I’ve been tacking in the direction of cybersecurity in recent years and specifically within the Microsoft 365 suite. I took the Security Administrator track on my Enterprise Admin certification and didn’t find that too difficult as it was grounded in my day-to-day. This one was pushing the boat out as it’s more Azure-based and honestly I wasn’t expecting to pass first time, but it fairly soaked up these dull days between Christmas and New Year!

I planned my preparation around Mark O’Shea’s intunedin.net blog post which is a great reference (I also used his reference for my MS-500 exam previously).

I won’t share specifics about the exam for obvious reasons but I’ll relate some stories of my experience that were helpful to me.


I’m relatively new to Sentinel but much of its functionality rests on KQL and I’ve spent enough time on advanced hunting in M365 Defender to have gained a grasp of the basics. My go-to is the cheat sheet on the now-archived MDATP Github and my favourite example is still the three-line detection which I was able to quickly get into action to counter the Follina vulnerability last year:

DeviceProcessEvents
| where ProcessCommandLine contains "msdt.exe"
| where InitiatingProcessFileName has_any (@"WINWORD.EXE", @"EXCEL.EXE", @"OUTLOOK.EXE")
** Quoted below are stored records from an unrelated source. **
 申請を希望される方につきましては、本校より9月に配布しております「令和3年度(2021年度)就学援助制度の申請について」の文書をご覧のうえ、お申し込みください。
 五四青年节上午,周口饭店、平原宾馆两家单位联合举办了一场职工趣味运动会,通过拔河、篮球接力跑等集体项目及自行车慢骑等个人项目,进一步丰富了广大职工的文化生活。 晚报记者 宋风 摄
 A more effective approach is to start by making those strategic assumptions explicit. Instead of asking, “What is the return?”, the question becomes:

Also, shout out to Must Learn KQL which has some great material and KQL Search which has a query for every imaginable circumstance.


Due to education licensing restrictions (don’t get me started on that) we have a small number of staff who are using devices without Intune licenses so they don’t get the policies for ASR (attack surface reduction) applied automatically. To ensure their devices are secured, I had to enable the policies via Powershell on these machines. There are two commands, Set-MpPreference and Add-MpPreference; whatever is set will be the only setting and whatever is added is added to it. The documentation does point that out, but it’s rather unhelpfully buried at the bottom of the article while at the top it simply says “type one of the following cmdlets” as though they both do the same thing.
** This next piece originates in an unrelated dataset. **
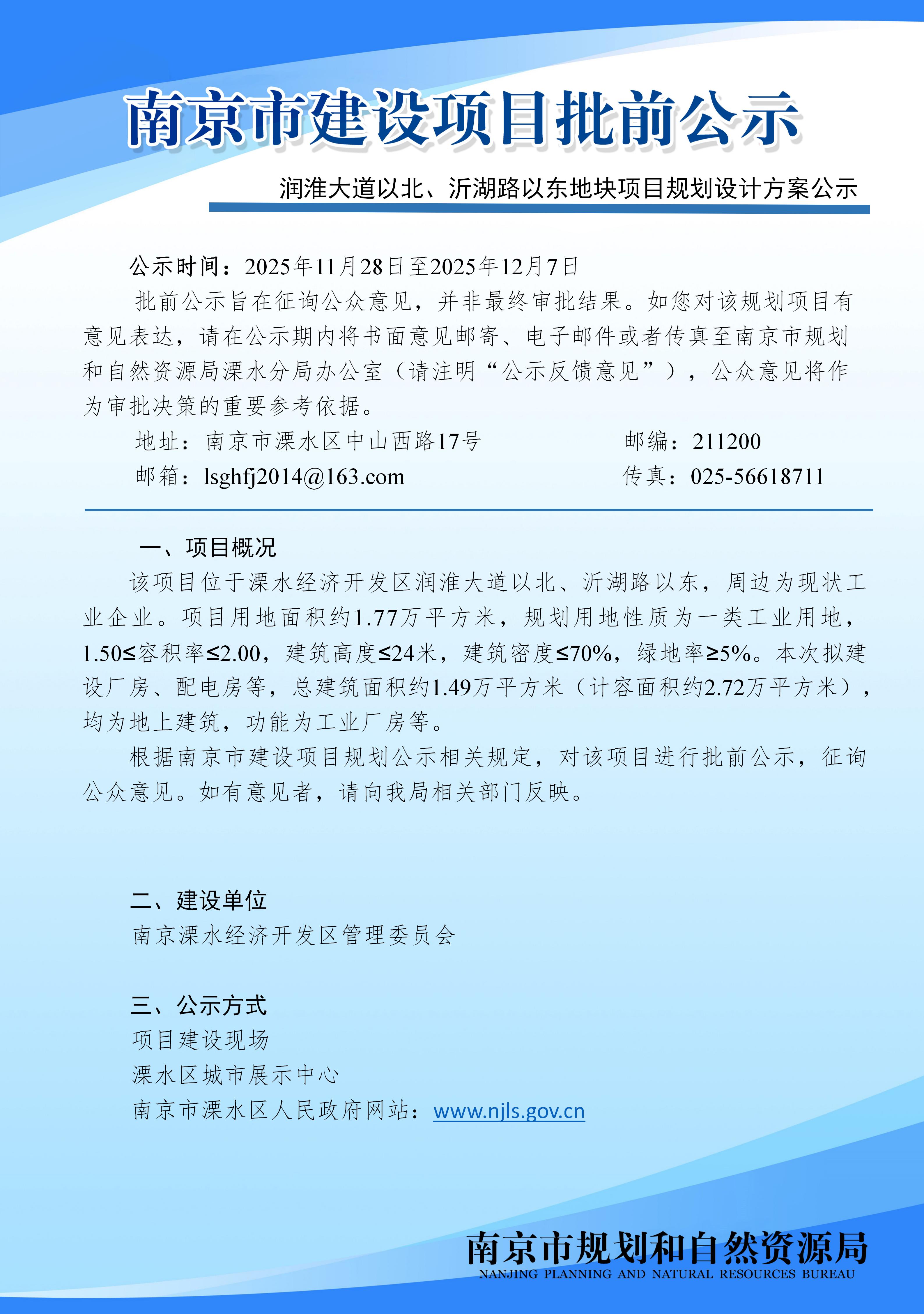 润淮大道以北、沂湖路以东地块项目规划设计方案批前公示
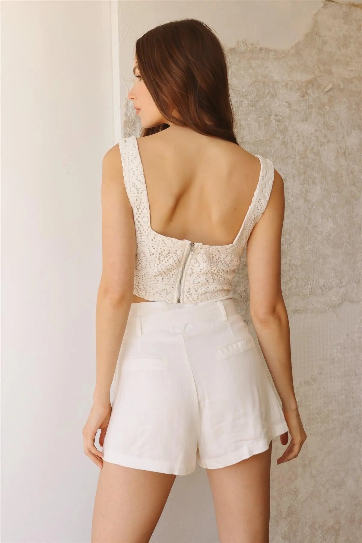 Cream Lace Crochet Embroidery Cotton Square Neck Sleeveless Crop Top /3-2-1

We have Defender for Office365 and use the Safe Attachments feature for all staff and students. Our accounts team receives a lot of invoices through the day and they sometimes query these over the phone. I thought it would be helpful to enable Dynamic Delivery for them, since that way they would immediately see when messages arrive even if the attachments hadn’t been scanned yet. However, we kept receiving complaints from them that emails took a long time to open. I turned off Dynamic Delivery and they thanked us for fixing the problem. Sometimes a feature that helps some is a hindrance to others 🤷🏽‍♂️


Defender for Endpoint is a huge system and it can be daunting to make configuration changes after widespread deployment, but there are some critical features that should be examined; tamper protection, EDR in block mode, XDR connections and automated investigations. These are covered in detail in this blog post. One that has tripped me up in the past is MDE switching to passive mode by default when another AV is detected. An attacker could work around protections by installing an AV engine they control, creating exclusions in it and leveraging those to gain unauthorised access. Even when deploying in active mode, enabling EDR in block mode will prevent this.
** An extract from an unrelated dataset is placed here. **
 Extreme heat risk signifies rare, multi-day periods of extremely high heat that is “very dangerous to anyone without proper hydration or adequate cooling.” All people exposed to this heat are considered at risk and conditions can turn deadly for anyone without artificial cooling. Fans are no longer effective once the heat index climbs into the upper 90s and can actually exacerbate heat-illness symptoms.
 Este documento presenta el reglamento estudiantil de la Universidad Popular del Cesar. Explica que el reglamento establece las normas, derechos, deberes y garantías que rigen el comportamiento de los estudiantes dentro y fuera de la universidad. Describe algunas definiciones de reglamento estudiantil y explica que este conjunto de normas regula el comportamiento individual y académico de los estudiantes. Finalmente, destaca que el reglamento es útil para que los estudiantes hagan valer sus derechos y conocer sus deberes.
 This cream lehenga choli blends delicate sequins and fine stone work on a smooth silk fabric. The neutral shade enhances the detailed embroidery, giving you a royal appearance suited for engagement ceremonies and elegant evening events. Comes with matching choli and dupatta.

Managing alerts for Defender for Endpoint can be tricky too. I want to be notified when malware is detected on a device in my organisation and I thought I had configured the rules appropriately. However, where MDE automatically remediates an alert, such as by removing malware, it is assigned a severity of informational as in this recent example: Informational level malware Since I hadn’t tagged informational-level alerts for my notifications, I wasn’t seeing these and missed the opportunity for a closer follow-up at the time. It’s a pity that notifications can’t be filtered by any attributes of an alert, so as to have one that always triggers on malware - without requiring the expensive Power Automate integrations at least.


All the best to anyone attempting this tough exam!